The researchers found that among obese individuals, 46 percent were heart healthy and had a 38 percent lower risk of dying than those obese people who were not heart healthy.
Moreover, those healthy obese had the same reduced risk of heart disease and cancer as healthy normal-weight people, they added. Both groups had a 30 percent to 50 percent reduction in their risk for cardiovascular disease or cancer compared to obese people who were not heart healthy, the researchers found.
"Not every obese person is equally healthy/unhealthy," Ortega said. "There is a relatively large subset of obese people that are metabolically healthy, and if obesity is defined using body-fat percent (instead of body-mass index) and cardiac-respiratory fitness is taken into account, the future prognosis of metabolically healthy but obese people is similar to that of normal-weight people," he said.
Doctors should take into consideration that not all obese people have the same prognosis, Ortega said.
"Physicians could assess fitness, fatness and metabolic markers to do a better estimation of the risk of cardiovascular disease and cancer of obese patients," Ortega explained. "Our data support the idea that interventions might be more urgently needed in metabolically unhealthy and unfit obese people, since they are at a higher risk," he said.
Dr. Gregg Fonarow, a spokesman for the American Heart Association and professor of cardiology at the University of California, Los Angeles, said the study follow-up period was too short to really determine if obese people in the study were heart healthy.
"This study followed individuals for 15 years -- further studies are needed to determine the long-term health consequences of obesity in these individuals," he said.
In the second study, Dr. Oskar Angeras, a consultant cardiologist at the Sahlgrenska Academy of the University of Gothenburg in Sweden, and colleagues collected data on more than 64,000 people in the Swedish Coronary Angiography and Angioplasty Registry, who had heart disease or had a heart attack between May 2005 and December 2008.
Angeras' team found those with the lowest risk of dying after acute coronary syndrome were overweight and moderately obese, while the highest risk was among the underweight and the morbidly obese.
Conventional wisdom says losing weight improves health, but that may not be the case for obese people who have already developed heart disease, the researchers say.
"In acute coronary syndrome, the obesity paradox suggests that there could be protective mechanisms in either fat tissue or in obese patients' [individual makeup] that reduce the risk of mortality. This is of course speculative and needs further investigations," Angeras said.
"We believe that it is important to focus on secondary prevention like treating [high blood pressure] and [high fat levels in the blood], stop smoking, exercise and eat a healthy diet, which has solid evidence in literature," he added. "Weight reduction is, however, perhaps not that important in itself, more a cause of anxiety among patients."

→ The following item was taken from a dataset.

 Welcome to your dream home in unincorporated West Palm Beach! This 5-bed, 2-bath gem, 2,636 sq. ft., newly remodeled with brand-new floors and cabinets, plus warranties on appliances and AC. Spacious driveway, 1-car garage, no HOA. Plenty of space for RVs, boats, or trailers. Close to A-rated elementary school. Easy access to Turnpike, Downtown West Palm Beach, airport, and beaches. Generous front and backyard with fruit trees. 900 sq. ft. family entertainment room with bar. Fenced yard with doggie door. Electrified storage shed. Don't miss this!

Angeras added that the obesity paradox exists and should be recognized in health care guidelines for acute coronary syndrome.

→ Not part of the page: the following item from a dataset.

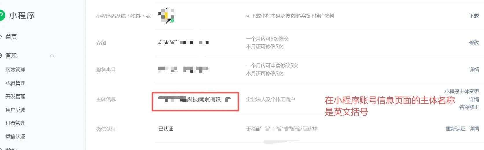 - 核心阻碍原因:小程序认证系统强制要求主体名称中的括号为英文状态括号 “()” ,视频号认证系统却允许并显示为中文状态括号 “()” ,因括号格式差异,系统判定 “主体不一致”,导致关联功能无法正常操作。

Fonarow pointed out that multiple explanations and potential mechanisms have been advanced to explain the obesity paradox, but the exact mechanisms are not known and further studies are needed.
"Yet, patients who are obese present with acute coronary events at an age 8 to 10 years younger, compared with healthy and underweight individuals, [which] demonstrates the adverse consequences of obesity in developing cardiovascular events in the first place," Fonarow said.

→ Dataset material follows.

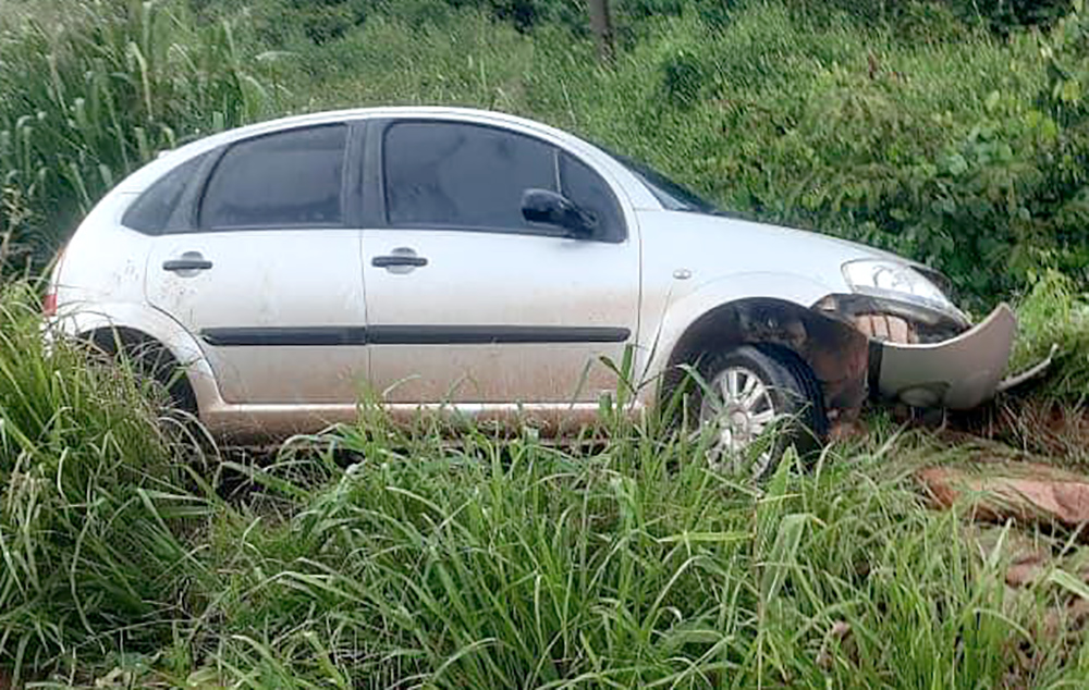 O carro ficou na vegetação “encavalado” nas pedras. Com a colisão, o para-choque quebrou. Não foram informados os danos mecânicos.

And Katz added that there has long been evidence that the overall relationship between body weight and all-cause mortality, when plotted as a graph, takes the shape of a J or U, with lower mortality near the middle, and higher mortality at both the lowest and highest weights.
"But there is no paradox in this," Katz said. "Sick people lose weight, and the sickest people lose the most weight of all. Sometimes, this is the disease. Sometimes, it's the therapy -- such as cancer chemotherapy. And sometimes, it's an array of factors such as isolation, loneliness and despair. In contrast, people with a reserve of vitality, and hope, keep eating."